Posted by **Paul** on Tuesday, August 7, 2012 at 5:09pm.

integral 1 = a and b = 4 of

sinx dx/(1+cos)^2

u = cosx

du = -sinx dx

so from here I don't know if I can do:

-1 du = sinx dx

or 1/sin du = x dx

- Calculus -
**Damon**, Tuesday, August 7, 2012 at 5:24pmu = 1 + cos x

du = -sin x dx

so we have

-du/u

- Calculus -
**Paul**, Tuesday, August 7, 2012 at 5:25pmso I tried again and I got this, don't know if it's good:(I also put the wrong a and b)

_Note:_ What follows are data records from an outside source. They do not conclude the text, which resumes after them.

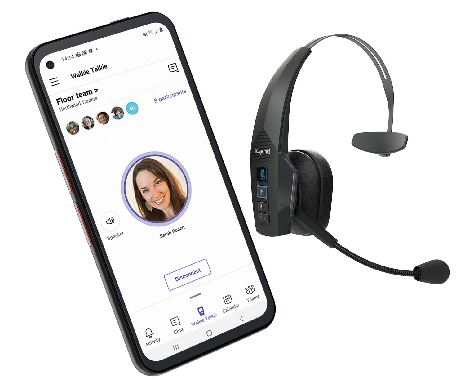 Microsoft Teams Walkie Talkie enables co-workers to use their mobile device* as a walkie-talkie for group conversations and keep distributed teams connected. The B350-XT comes with access to the Walkie Talkie feature already programmed into the headset’s BlueParrott Button™ for clear, instant collaboration.
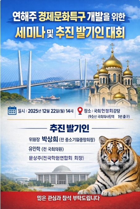 **「연해주 경제문화특구 개발 세미나 및 추진 발기인 대회」**를 아래와 같이 개최합니다.
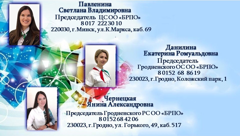 Первый секретарь Центрального комитета Александр Сергеевич Лукьянов 220030, г. Минск, ул. К. Маркса, 40 Центральный комитет ОО "БРСМ" |
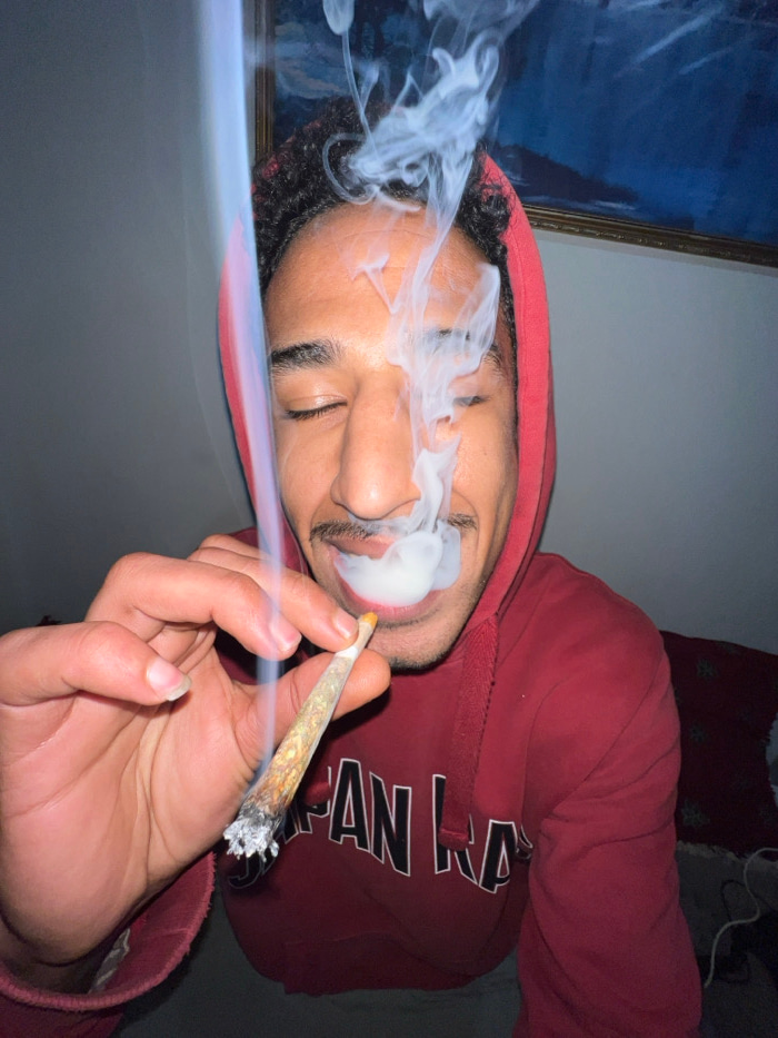 A male individual with dark curly hair and a mustache is depicted in a close-up, chest-up shot, indoors within what is understood to be a private residence in Tanger, Morocco. He is wearing a red hood…read more
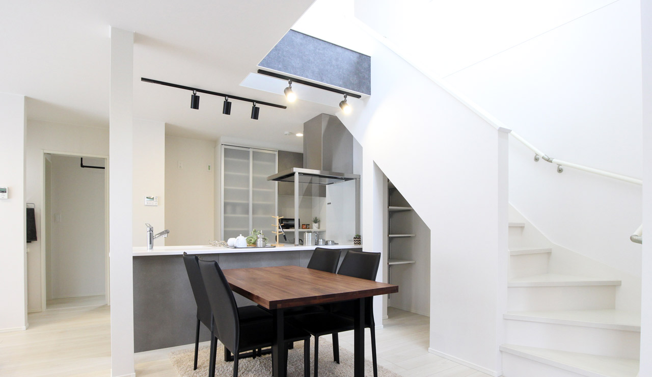 グレー×ホワイトを基調にした配色とライティングがワンランク上の上質なリビングを演出しています。
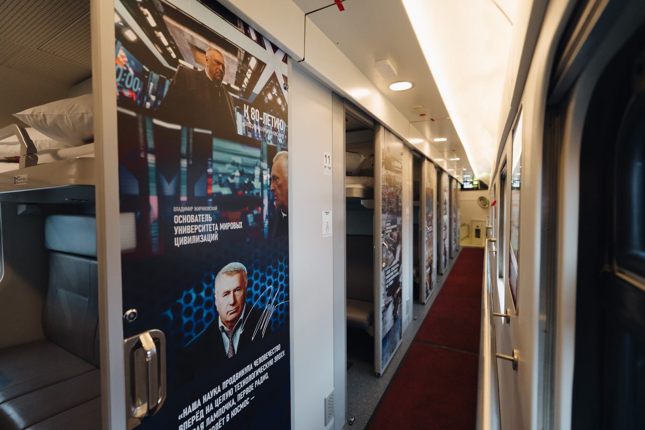 Вагоны украшает профиль Владимира Жириновского, его автограф и эмблема Фонда. Внутри пассажиры найдут мини-библиотеку с трудами политика и выставку его фотографий. В меню вагонов-ресторанов включили любимые блюда Жириновского.
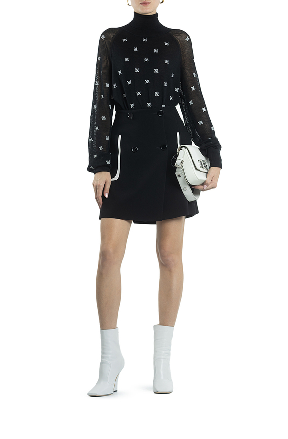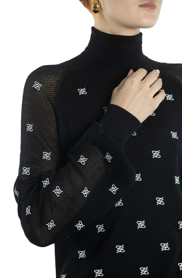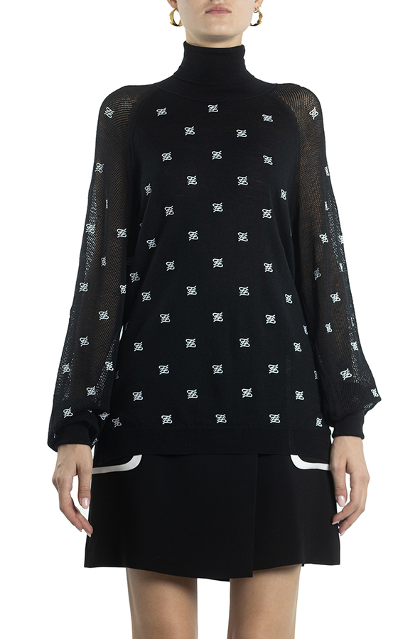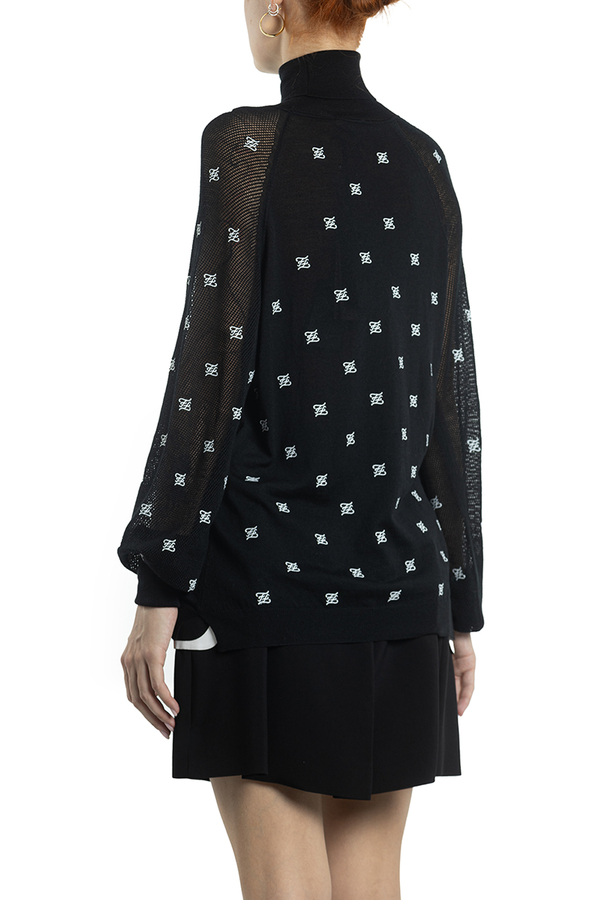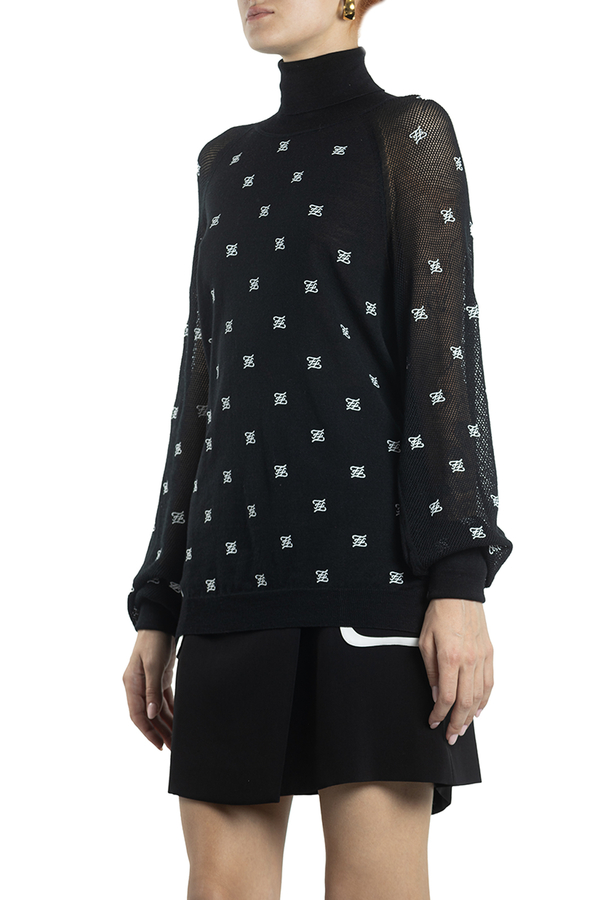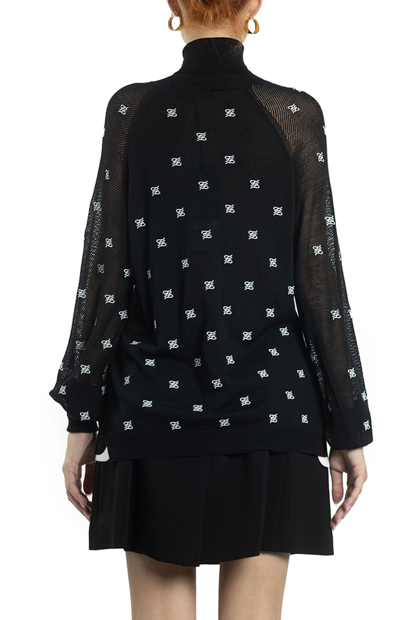 - Тонкий светр з високим горлом і довгими перфорованими напівпрозорими рукавами. Патерн з білих логотипів по всій поверхні.
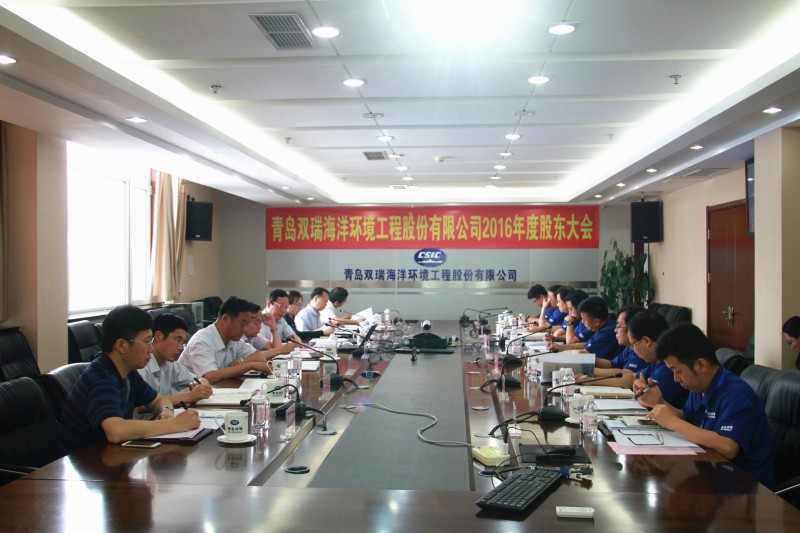 会议主要审议了青岛双瑞公司2016年度董事会工作报告、总经理工作报告、监事会工作报告、财务决算报告、利润分配方案,关于修改公司章程的议案、关于聘请2017年度审计机构的议案等并形成了相关决议。会上,付洪田总经理向参会股东代表、董事、监事汇报了公司2016年度取得的主要成绩以及2017年上半年工作进展情况,特别是船舶压载水管理系统取得USCG型式认可、与第四研究室加强合作等情况。公司在科技创新、市场开拓、管理提升等方面取得的成果,得到了与会人员的充分肯定。股东代表、参会董事和监事对于公司未来良好的发展前景感到振奋和期待,积极为公司发展献计献策。
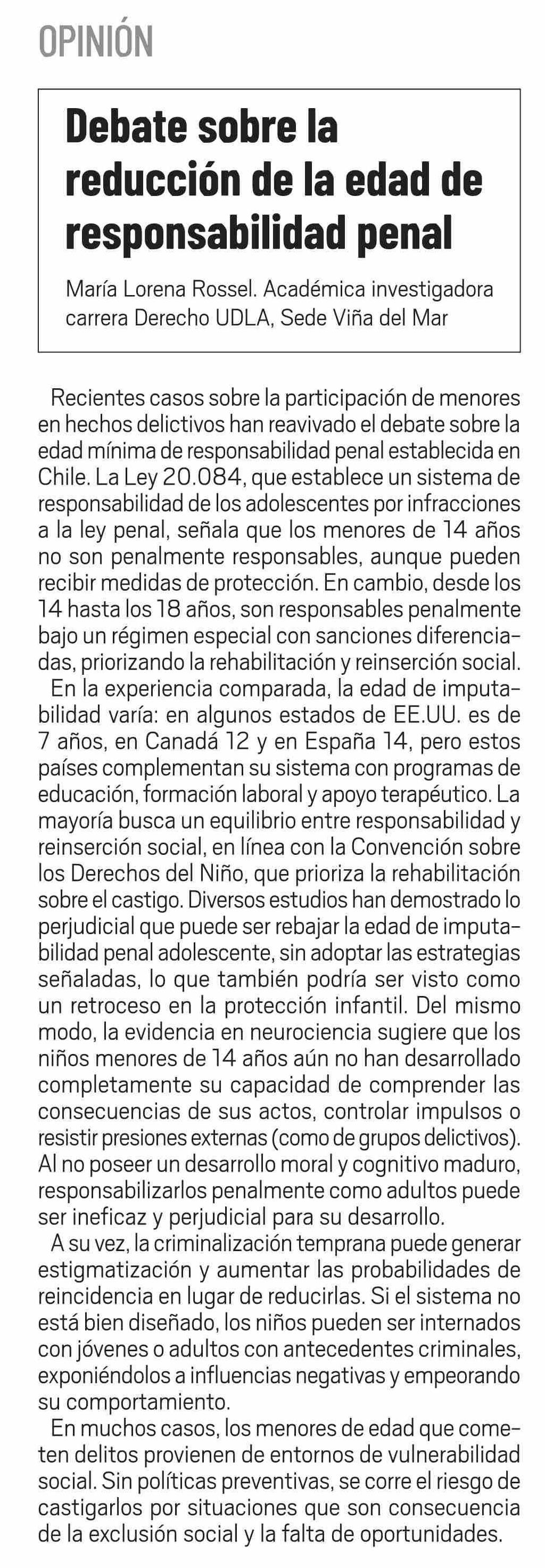 Título: COLUMNAS DE OPINIÓN: Debate sobre la reducción de la edad de responsabilidad penal

integral 0 = a and b = pi/3 of

sinx dx/(1+cos)^2

u = cosx

du= -sinxdx

-1 du = sinx dx

so: integral -1 du/(1+u)^2

= 1/(u+1)

if x = 0, then u = 1

if x = pi/3, then u = 1

so 1/1+1 - 1/1+1 = 0

Is this correct?

- I mean -
**Damon**, Tuesday, August 7, 2012 at 5:26pm-du/(u)^2

- Calculus -
**Damon**, Tuesday, August 7, 2012 at 5:27pm-du/u^2 ---> -1/u + c

- Calculus -
**Paul**, Tuesday, August 7, 2012 at 5:30pmok Damon, so if you integrate what you have me, you get 1/u no? Because 1/u^2 = -1/u, so -1/u^2 = 1/u?

- Calculus -
**Damon**, Tuesday, August 7, 2012 at 5:30pmso

-1/(1+cos x) + c

- Calculus -
**Damon**, Tuesday, August 7, 2012 at 5:30pmYes, you have it.

- Calculus -
**Paul**, Tuesday, August 7, 2012 at 5:31pmawesome, thanks man!

- Calculus -
**Damon**, Tuesday, August 7, 2012 at 5:31pmYou are welcome.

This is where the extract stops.